Regarding point 4) I don't know which components should be extracted from the tempForceVector.
Once these points are set the others I guess should be easier.
Thanks to anyone willing to help.

2 (edited by nitramkaroh 25-03-2017 21:51:15)

Re: Nlgeo for mitc4

Hi,

computeBHmatrixAt gives discrete gradient operator, which is then used to compute the deformation gradient as

 F = I + Bh *d

However, it is not that easy for mitc4. It is needed, for example, to update the thickness during the incremental solution. I recommend these two papers for further details

Eduardo N. Dvorkin. Daniel Pantuso, Eduardo A. Repetto: A formulation of the MITC4 shell element for finite strain elasto-plastic analysis
Theodore Sussmana, Klaus-Jürgen Bathe: 3D-shell elements for structures in large strains

Re: Nlgeo for mitc4

I think many users underestimate shell elements and large deformations.

Step 1.
Spend 6 months reading up on the most advanced literature and theiry in contonuum mechanics, then derive all the new governing equations

Step 2, spend another couple of months implementing the eLement, test it out etc.

Re: Nlgeo for mitc4

Dear Martin,
thanks for your help, we're trying to go further. For MITC4, we want to keep the thickness as constant, as a first (necessary but not general) simplification.
In this post you wrote:

the MITC element doesn't support LinearStability. To do so, you would need to implement the initial stress stiffness matrix as is done in beam2d.C. The implementation of the  computeInitialStressMatrix works just for continuum elements like bricks, but not for structural elements like shells.

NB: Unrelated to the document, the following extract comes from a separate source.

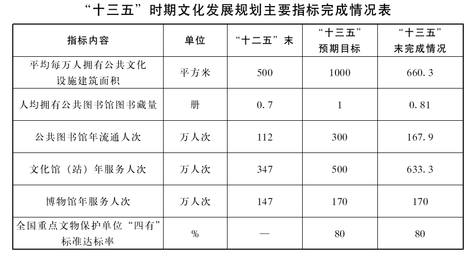 ———文化事业繁荣发展。全省艺术创作水平持续提升,现代公共文化服务更加标准化均等化,文化遗产保护利用水平不断提高,文化事业在服务全省经济社会发展、满足人民群众精神文化需求、促进社会文明程度提升等方面作用更加凸显。

I found in literature that the geometric stiffness matrix (called in OOFEM initial stress matrix) can be determined in a general way as we see in:

Senjanović, I., Vladimir, N., & Cho, D. S. (2012). A simplified geometric stiffness in stability analysis of thin-walled structures by the finite element method. International Journal of Naval Architecture and Ocean Engineering, 4(3), 313-321.

It is still not clear to me how to proceed and the meaning of

F = I + Bh *d

, I need a basic symbol explanation...
It would be a good starting point for us to write down the geometric stiffness for quadmindlin shell, just to get into the content.

@Mikael: what do you mean exactly with your comment? it is not constructive at all. as you can see, a year passed. we already knew that this would be difficult.

Re: Nlgeo for mitc4

Dear Giovanni,

do you really need large strains, or would be small-strain and large rotation formulation satisfactory?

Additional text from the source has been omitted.